To Whom Who Buys a Record (Odin)—the title a sly Ornette Coleman wink that bleeds directly into the addictively tuneful music--is the third and best album by his trio Acoustic Unity with the Berlin-based Swedish bassist Petter Eldh and Norwegian saxophonist André Roligheten. Straight out of the ferociously swinging gate the group opens with Nilssen tune called “Cherry Man,” which further cements an aesthetic inspired by bold explorers of preceding decades—there’s also a piece called “Elastic Circle,” which would seem to pay homage to both Jan Garbarek and Chick Corea—although the music itself salutes the group’s antecedents most effectively. A tune called “Acoustic Unity” winks at Albert Ayler, although the trio prefers a more buoyant, deeply melodic attack. On that composition—by the leader and Roligheten—a steeplechase structure wends through fast-paced slaloming and slo-mo corkscrews, with a sudden turnaround and a graceful reclamation in less than four eventful minutes. On the saxophonist’s “Omkalfatring” he plays two horns simultaneous, but his pointillistic blowing manages something more effective than the usual unison showboating—although those twin lines are closely aligned, he impressively varies their rhythmic patterns, truly making it seem as if two folks are playing saxophone.

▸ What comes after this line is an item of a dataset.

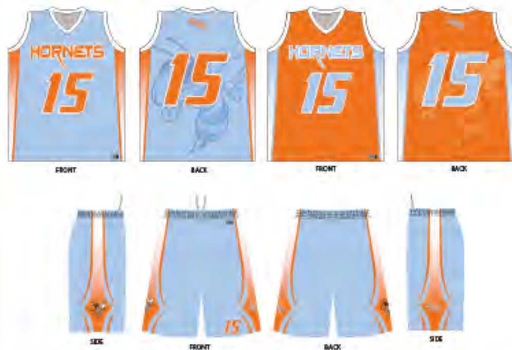
# 4591 - HORNETS MIDDLE SCHOOL - SUB 50155, SUB 10149
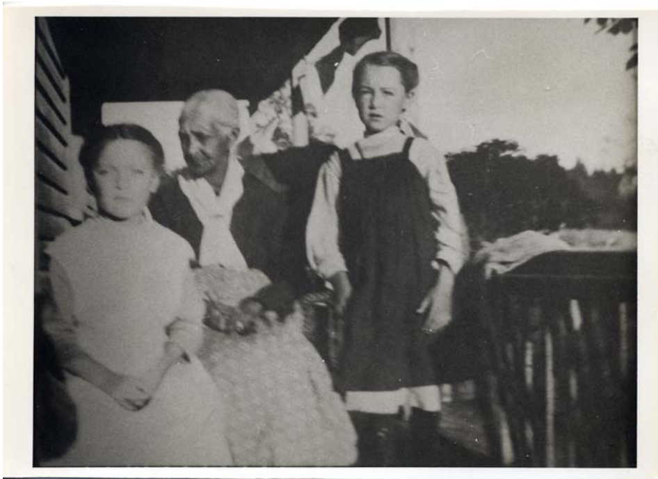
Unidentified woman with children on Malaga Island, circa 1910

On the hotly simmering ballad “Broken Beauty,” another Coleman salute, it’s bassist Eldh that breaks from the shadows--although his presence is crucial throughout—with a warmly graceful yet full-bodied, thrumming solo. Even when Roligheten plays soprano as on “Masakräke,” which you can check out below, where Nilssen’s polyrhythmic clatter is astonishing, his blend of precisely jagged phrasing and biting tone achieves surprising muscularity and agility. While there many not be anything especially novel about the trio’s sound, its crispness and thrust are hard to resist, and the music has that rare quality of reminding jazz listeners why they got hooked on the stuff to begin with, which is no small feat.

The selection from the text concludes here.